Search code examples
pythonmachine-learningtime-serieszero

Deal with excessive number of zeros


ipdb> np.count_nonzero(test==0) / len(ytrue) * 100                                                                                          
76.44815766923736

I have a datafile counting 24000 prices where I use them for a time series forecasting problem. Instead of trying predicting the price, I tried to predict log-return, i.e. log(P_t/P_P{t-1}). I have applied the log-return over the prices as well as all the features. The prediction are not bad, but the trend tend to predict zero. As you can see above, ~76% of the data are zeros.

Now the idea is probably to "look up for a zero-inflated estimator : first predict whether it's gonna be a zero; if not, predict the value".

In details, what is the perfect way to deal with excessive number of zeros? How zero-inflated estimator can help me with that? Be aware originally I am not probabilist.

P.S. I am working trying to predict the log-return where the units are "seconds" for High-Frequency Trading study. Be aware that it is a regression problem (not a classification problem).

Update

enter image description here

That picture is probably the best prediction I have on the log-return, i.e log(P_t/P_{t-1}). Although it is not bad, the remaining predictions tend to predict zero. As you can see in the above question, there is too many zeros. I have probably the same problem inside the features as I take the log-return on the features as well, i.e. if F is a particular feature, then I apply log(F_t/F_{t-1}).

Here is a one day data, log_return_with_features.pkl, with shape (23369, 30, 161). Sorry, but I cannot tell what are the features. As I apply log(F_t/F_{t-1}) on all the features and on the target (i.e. the price), then be aware I added 1e-8 to all the features before applying the log-return operation to avoid division by 0.


Solution

  • Ok, so judging from your plot: it's the nature of the data, the price doesn't really change that often.

    Try subsampling your original data a bit (perhaps by a factor of 5, just look at the data), so that you generally see a price movement with every time-tick. This should make any modeling much MUCH easier.

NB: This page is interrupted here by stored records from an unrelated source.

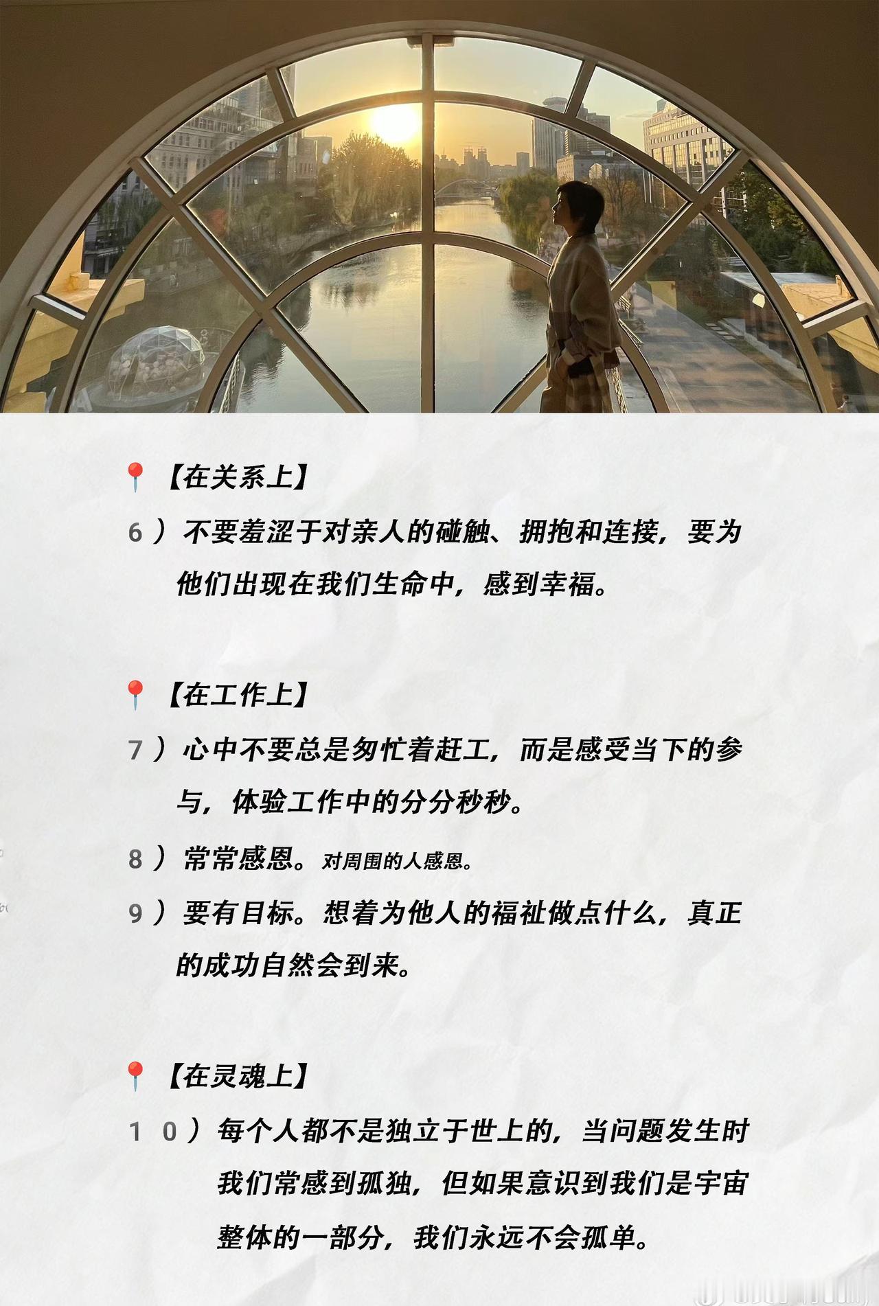 🏮新年愿望🏮 和朋友一起践行10个好习惯 📍【在身体方面】 1)减慢呼吸。因为快速呼吸对神经系统的影响是在生存模式下的,让我们很容易产生焦虑紧张,不利于健康。 2)常微笑。因为微笑让人快乐,健康充满活力。 3)每天步行一小时运动,让身体充满活力。 📍【在头脑方面】 4)要意识到所有的问题和挑战都会过去。不要和他争斗,因为头脑像块沙,会把人带入头脑的漩涡中。 5)觉知我们的情绪。当下的情绪是愤怒、恐惧还是悲伤,看到它就能够停下来,不要和它斗争,斗爭只会被它往下拉。 📍【在关系上】 6)不要羞涩于对亲人的碰触、拥抱和连接,要为他们出现在我们生命中,感到幸福。 📍【在工作上】 7)心中不要总是匆忙着赶工,而是感受当下的参与,体验工作中的分分秒秒。 8)常常感恩。对周围的人感恩。 9)要有目标。想着为他人的福祉做点什么,真正的成功自然会到来。 📍【在灵魂上】 10)每个人都不是独立于世上的,当问题发生时我们常感到孤独,但如果意识到我们是宇宙整体的一部分,我们永远不会孤单。 过年,像是跨过了一个时空交界点,拥有了全新的一年,这时我们总会对自己许下新愿望。 马年邀请小伙伴为自己许下心愿,践行10个新习惯,我先写下我的。小伙伴们想践行的习惯是什么呢? 新的一年让我们一起努力📍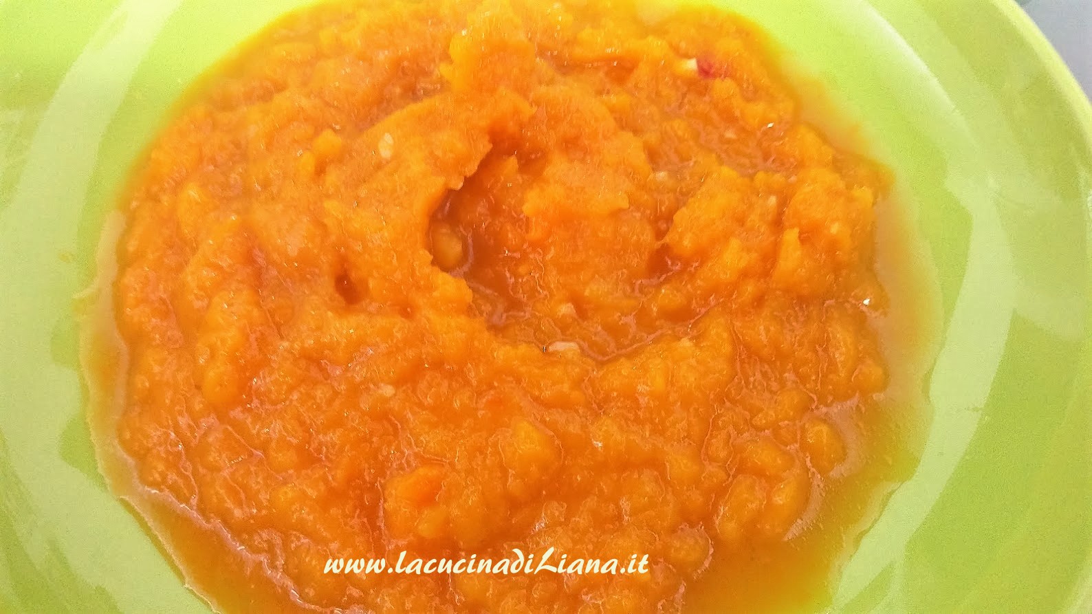 Rosolare l’aglio e il peperoncino tritati in poco olio, quindi aggiungere a rosolare i dadini di zucca, bagnare con il brodo, chiudere la pentola, impostare la potenza a 1, e il timer per 6 minuti.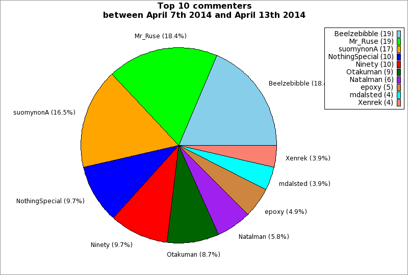 | Top 10 commenters between April 7th 2014 and April 13th 2014 | ||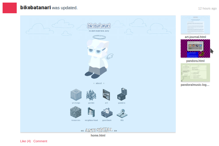 (like the favicon of websites, or the icons of games) . - See this as a springboard to jumpstart into the waters and swim towards the sites that interest you. Most sites in the Personal Websites section have other Links/Neighborhood sections that also link outwards to even more sites as well, leading to a lot of rabbit holes you can stumble into if you so desire.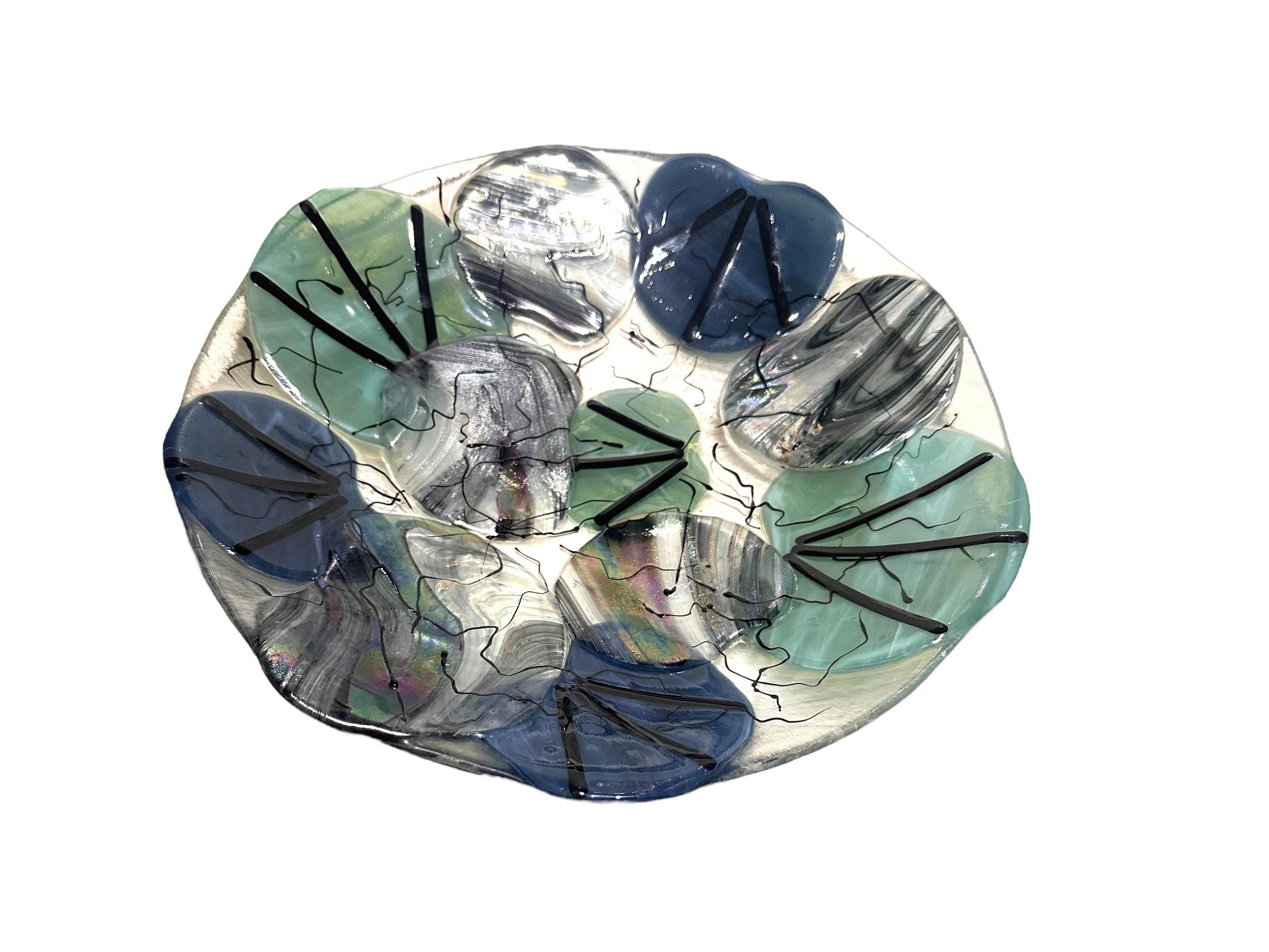 Fused Art Glass Bowl: Lily Pad Design, Handmade Glassware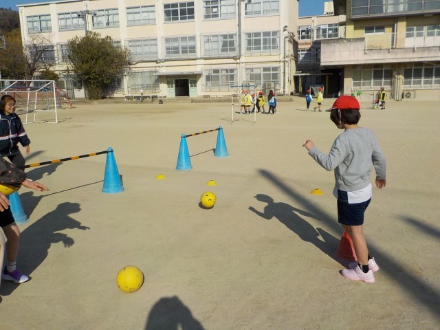 体育科では、ボールけりに取り組んでいます。今日は、ゴールに向かってシュートする練習に取り組みました。ボールをよく見て狙いを定める子どもたち。シュートして「やったー!」と喜ぶ姿が見られました。遠いところからドリブルをしてシュートをする人も。練習するたびに上達してきています。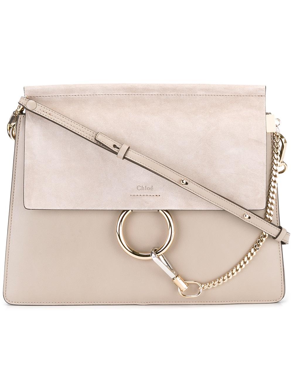 - The Chloé Faye shoulder bag is as iconic as the house itself. Crafted from smooth motty grey calf suede and calf leather with the addition of mixed hardware for a hint of rebellion, this Faye shoulder bag is the epitome of modern femininity. It features a foldover top with a signature hoop and chain closure, a detachable and adjustable shoulder strap, a contrast piped trim, an accordion-style interior, an internal zipped pocket and a calf suede lining.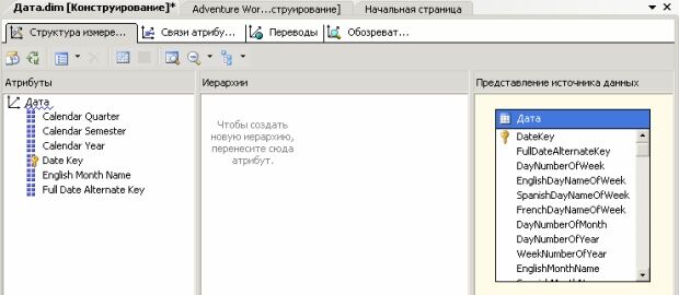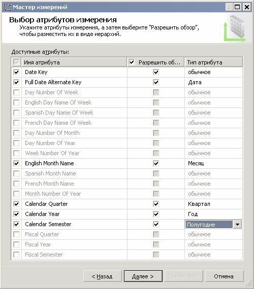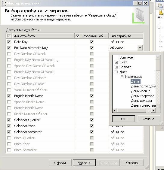 Рис.11. Заданные типы атрибутов для столбцов измерения "Дата"
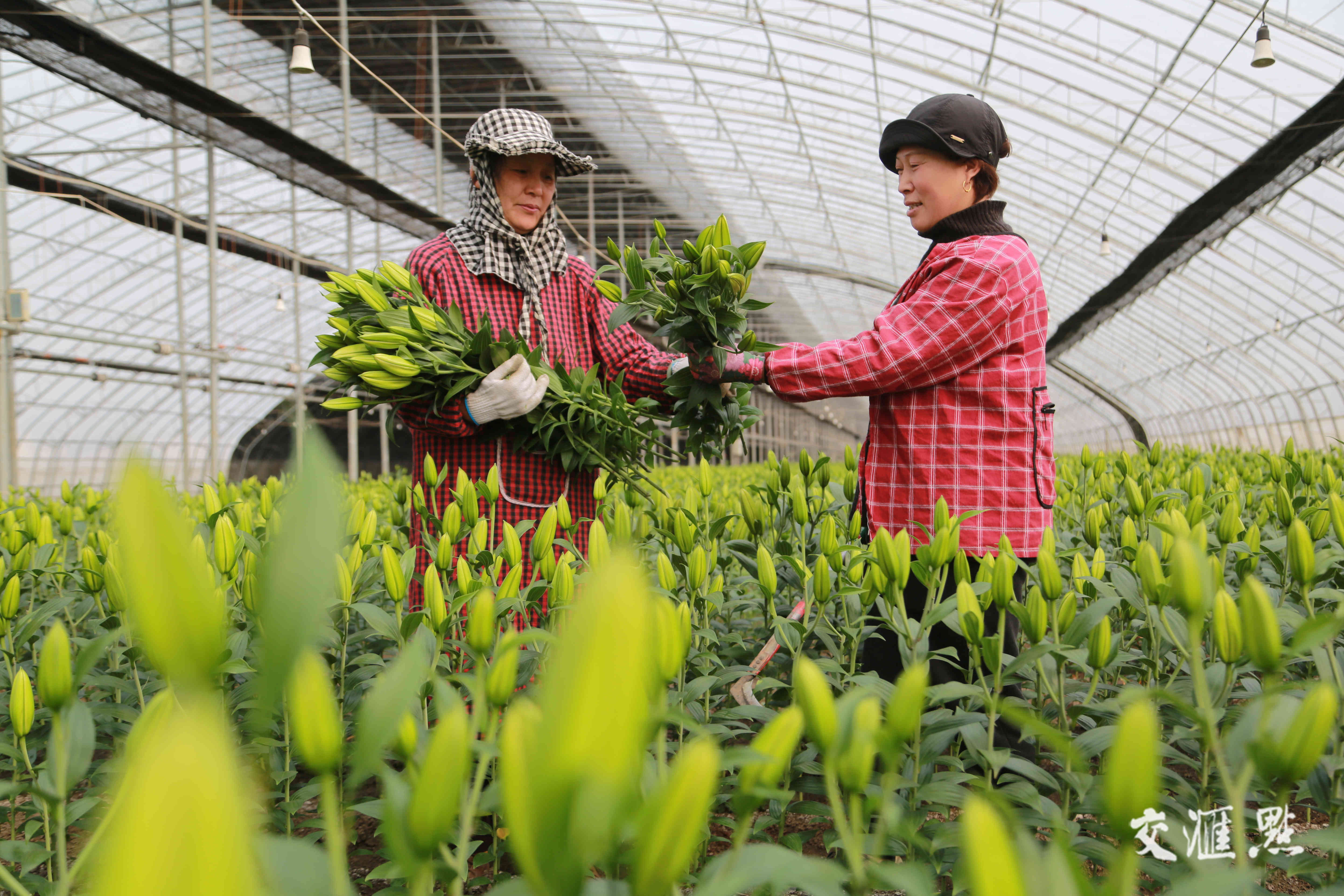 3月7日,连云港市海州区的江苏农垦岗埠农场,花农们在田间加紧采收百合花,供应“三八”妇女节市场。 徐卫 摄 视觉江苏网供图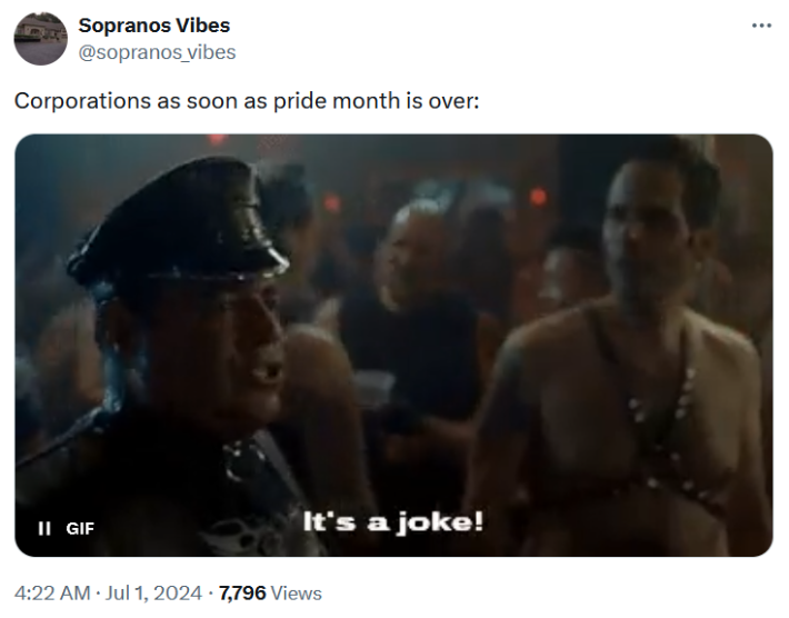 One of the most common variations of this meme is the "companies when Pride Month ends" joke.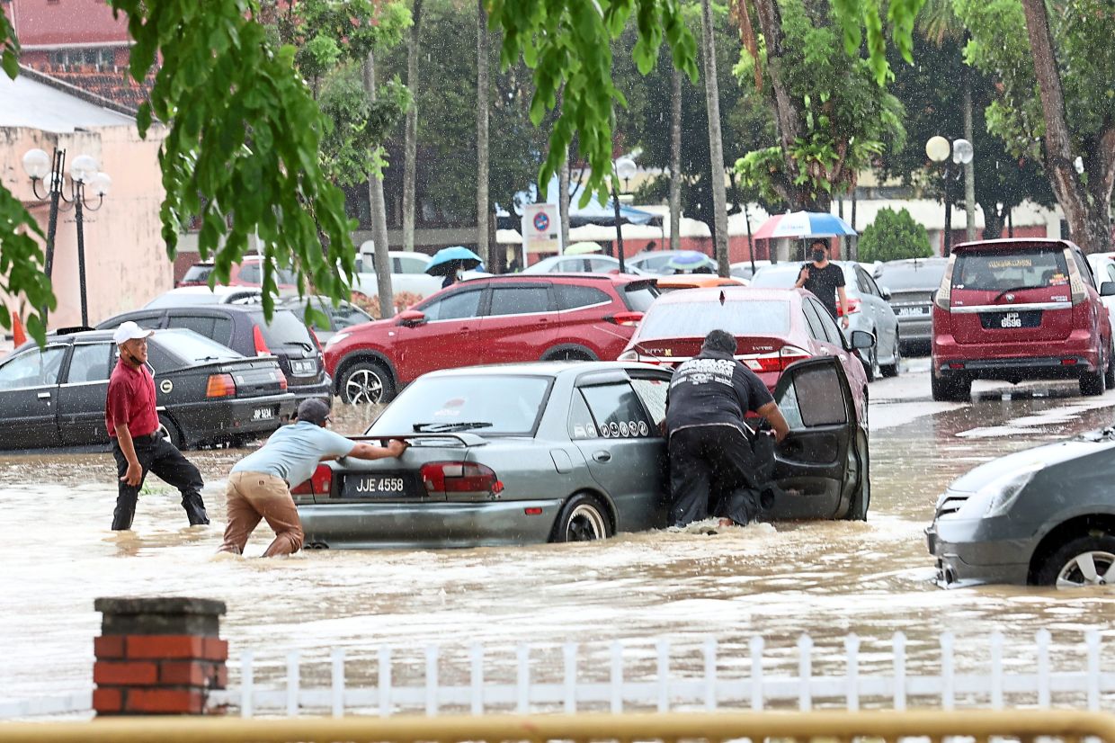 People pushing cars trapped in floodwaters outside Sultanah Aminah Hospital on Aug 2 this year. — Photos: THOMAS YONG & ZAZALI MUSA/The Star

    For the subsampling: I suggest you do simple regular downsampling in time domain. So if you have price data with a second resolution (i.e. one price tag every second), then simply take every fifth datapoint. Then proceed as you usually do, specifically, compute the log-increase in the price from this subsampled data. Remember that whatever you do, it must be reproducible during the test time.

    If that is not an option for you for whatever reasons, have a look at something that can handle multiple time scales, e.g. WaveNet or Clockwork RNN.